Storage for messages: 100B messages/day × 500 bytes × 30 days retention ≈ 1.5 PB. This is your “hot” storage — messages waiting to be delivered or recently delivered. After 30 days, messages drop off the hot store. Delivered messages can be stored client-side and expunged from the server (this is exactly what WhatsApp does — server deletes after delivery confirmation).

Connection state: 500M users × ~30% concurrently connected = ~150M concurrent WebSocket connections. At 64KB per connection socket buffer that’s roughly 9.6 TB of connection memory across your fleet. This is one of the hardest scaling problems in messaging — the number of open connections.

Write throughput: 1.16M messages/sec average into a message store. This rules out single-node anything. You need a distributed message queue and a sharded persistence layer.

Get Access to GitHub Repo


Step 3 — API Design

Four endpoints. The real-time delivery is not REST — it’s a persistent connection.

WebSocket: wss://chat.whatsapp.com/connect

Auth: Bearer token in Upgrade request headers

Purpose: The long-lived connection for receiving messages and sending keep-alives. All message delivery happens here.

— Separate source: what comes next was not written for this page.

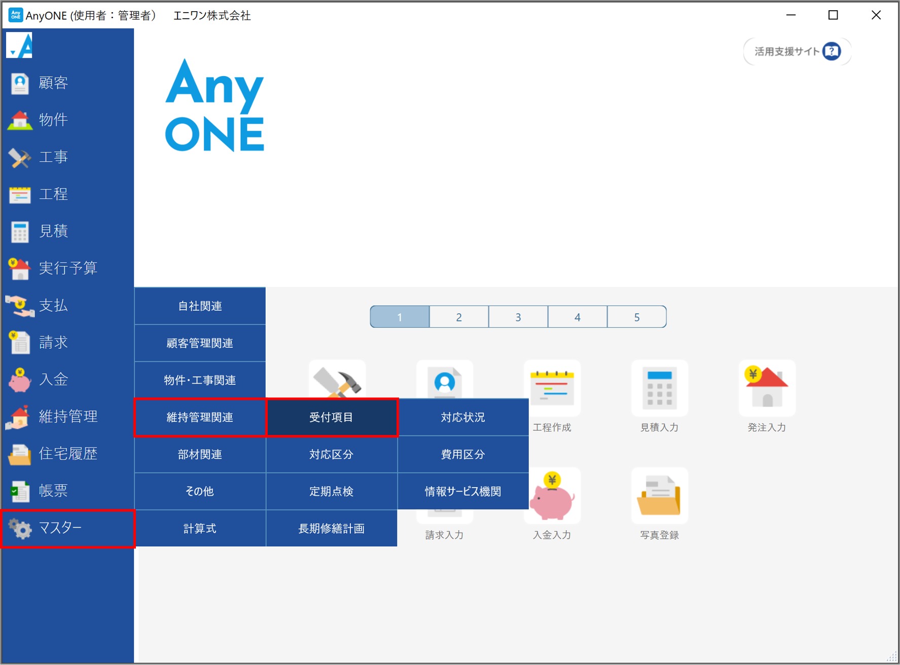 AnyONEでは維持管理入力のメンテナンス記録を登録する際に設定できる「受付項目」という項目があります。「受付項目」を登録しておけば『維持管理検索』画面での検索条件に利用が可能です。

On connect: server sends any pending (undelivered) messages accumulated while the client was offline.

POST /v1/messages/send

Idempotency-Key: <client-generated UUID> ← THE PROBE

Body: {

to_user_id: string,

message_id: string, (client-generated, for dedup)

content_encrypted: bytes, (ciphertext if E2EE)

content_type: “text” | “image” | “audio” | “video”,

media_url: string, (pre-uploaded, optional)

client_timestamp: epoch_ms

}

Response: {

message_id: string,

server_timestamp: epoch_ms,

status: “queued” | “delivered”

}

POST /v1/messages/ack

Body: { message_id: string, ack_type: “delivered” | “read” }

Purpose: Explicit delivery and read acknowledgment from client.

Server relays read receipts back to sender.

GET /v1/users/:user_id/presence

Response: { status: “online” | “offline” | “last_seen_at”: timestamp }

Note: WhatsApp makes presence opt-out — users can hide last seen.

This is a privacy setting, not a system constraint.

The senior move on the API step: Name the Idempotency-Key and message_id in the same breath. The message_id is client-generated before the send — if the client retries because it didn’t receive an ack, the server detects the duplicate via message_id and does not re-queue. The Idempotency-Key is the HTTP-level dedup. Both are necessary: the HTTP key handles transport-level retries, the message_id handles application-level deduplication across devices and reconnections.

Saying that distinction out loud — two levels of deduplication for two different failure modes — is the L6 signal on this question.